EXERCISE GOAL
Go to the line in the entries below that holds "该地块位于深圳湾后海位置,登" and repeat exactly from there through the line that holds "Saia de tule", inclusive.

PROVIDED DATA
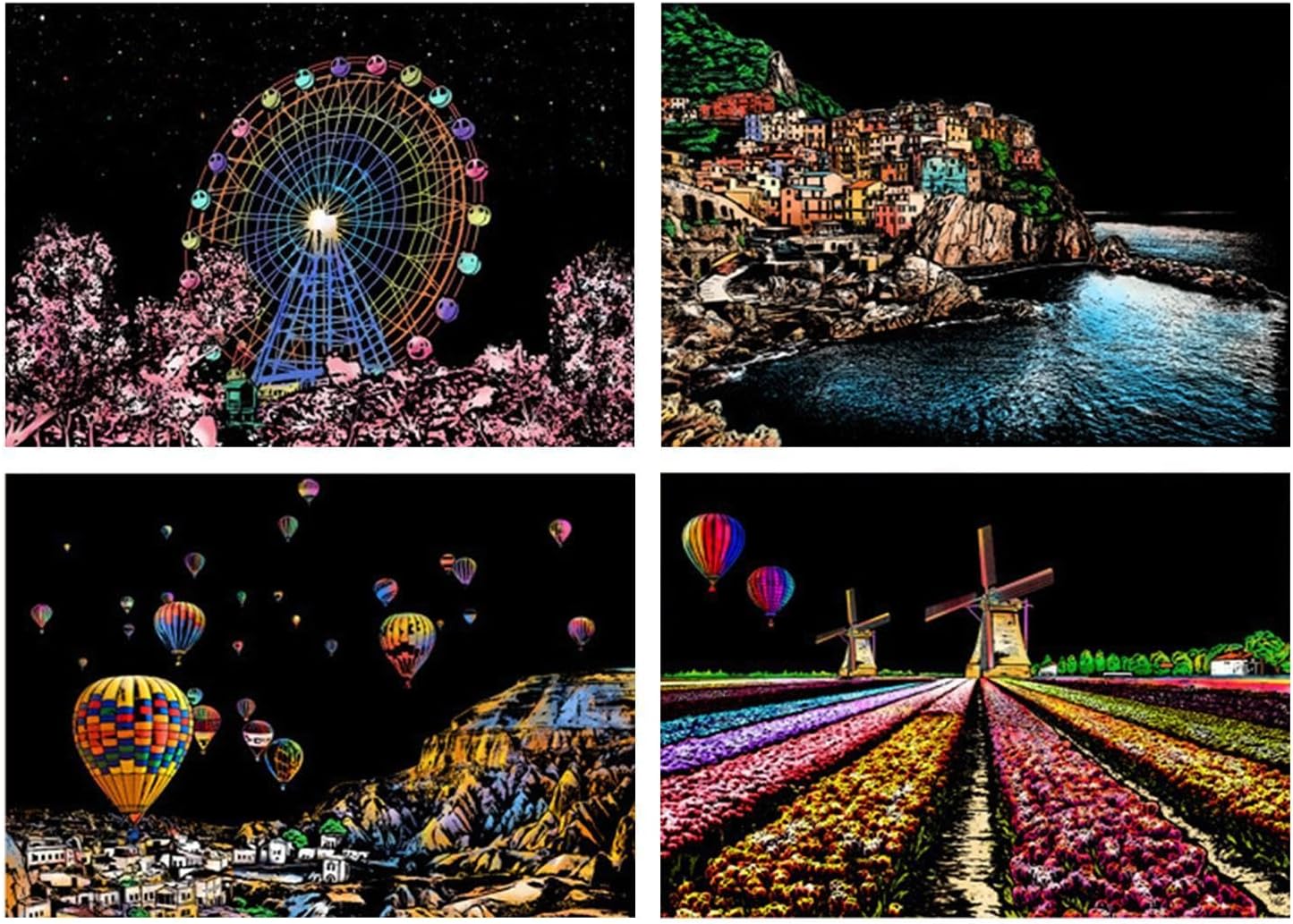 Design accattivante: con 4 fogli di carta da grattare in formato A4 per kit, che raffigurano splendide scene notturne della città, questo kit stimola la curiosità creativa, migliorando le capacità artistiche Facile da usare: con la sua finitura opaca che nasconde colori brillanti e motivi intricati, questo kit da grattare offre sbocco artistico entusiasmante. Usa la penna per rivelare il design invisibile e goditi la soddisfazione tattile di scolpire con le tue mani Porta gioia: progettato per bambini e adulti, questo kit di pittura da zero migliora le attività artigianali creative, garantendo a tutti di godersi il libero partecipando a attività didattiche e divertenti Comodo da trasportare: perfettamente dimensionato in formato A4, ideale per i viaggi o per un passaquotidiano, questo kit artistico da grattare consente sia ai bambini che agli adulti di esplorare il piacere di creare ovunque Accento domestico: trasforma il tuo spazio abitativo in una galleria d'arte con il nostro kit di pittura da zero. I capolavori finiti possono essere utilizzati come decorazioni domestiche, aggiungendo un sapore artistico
* * *
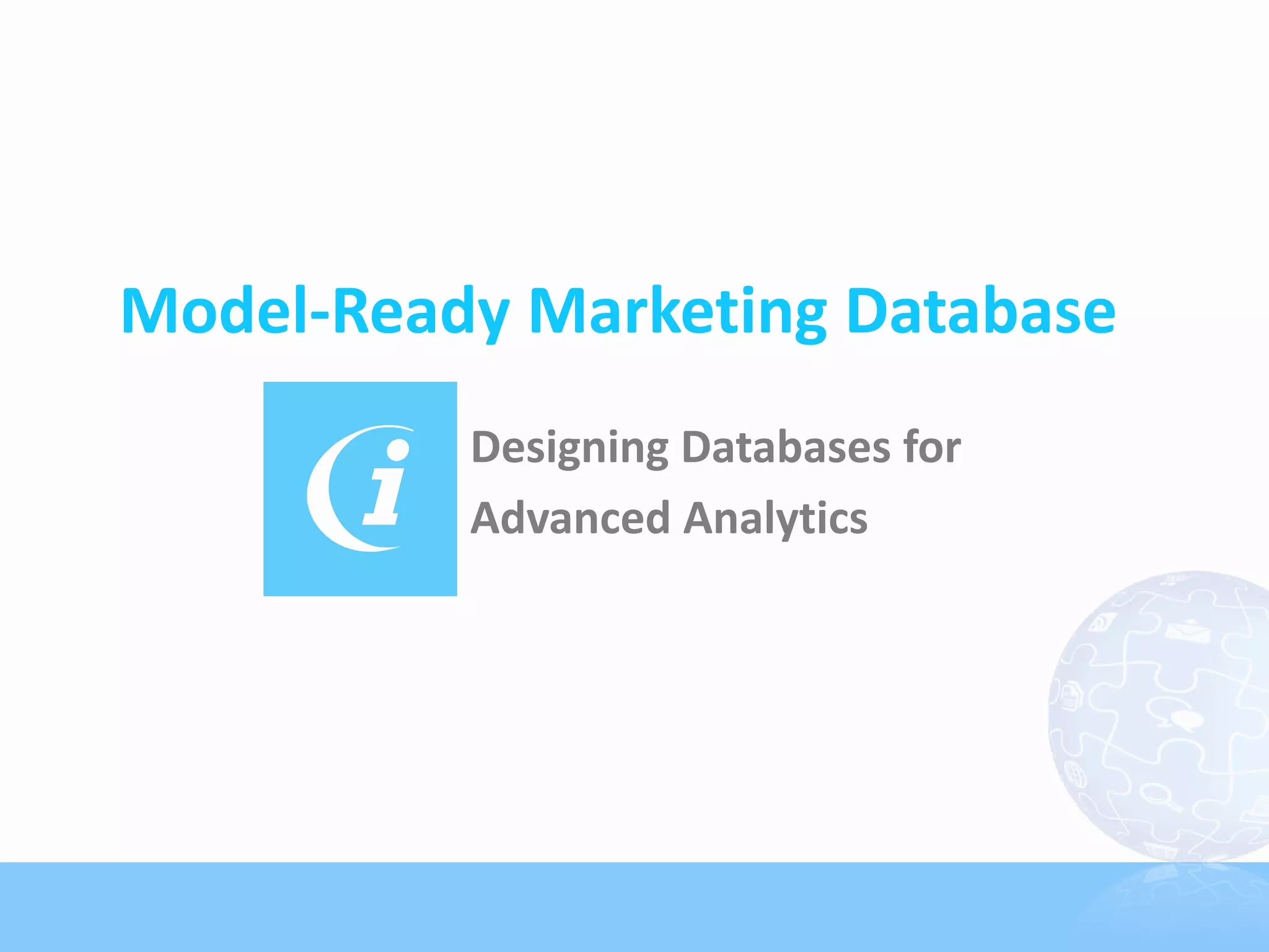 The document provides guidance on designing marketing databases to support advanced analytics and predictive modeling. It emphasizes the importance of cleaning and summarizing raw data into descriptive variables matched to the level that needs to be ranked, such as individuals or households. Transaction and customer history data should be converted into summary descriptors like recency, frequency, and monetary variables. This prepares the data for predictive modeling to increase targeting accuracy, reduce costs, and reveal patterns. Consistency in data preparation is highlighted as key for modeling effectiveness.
--
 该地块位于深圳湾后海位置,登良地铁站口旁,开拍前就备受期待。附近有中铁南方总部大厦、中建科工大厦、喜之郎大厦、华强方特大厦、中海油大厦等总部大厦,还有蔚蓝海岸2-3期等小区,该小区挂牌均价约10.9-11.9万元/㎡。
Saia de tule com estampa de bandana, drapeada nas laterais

RESULT OF THE TASK
 该地块位于深圳湾后海位置,登良地铁站口旁,开拍前就备受期待。附近有中铁南方总部大厦、中建科工大厦、喜之郎大厦、华强方特大厦、中海油大厦等总部大厦,还有蔚蓝海岸2-3期等小区,该小区挂牌均价约10.9-11.9万元/㎡。
Saia de tule com estampa de bandana, drapeada nas laterais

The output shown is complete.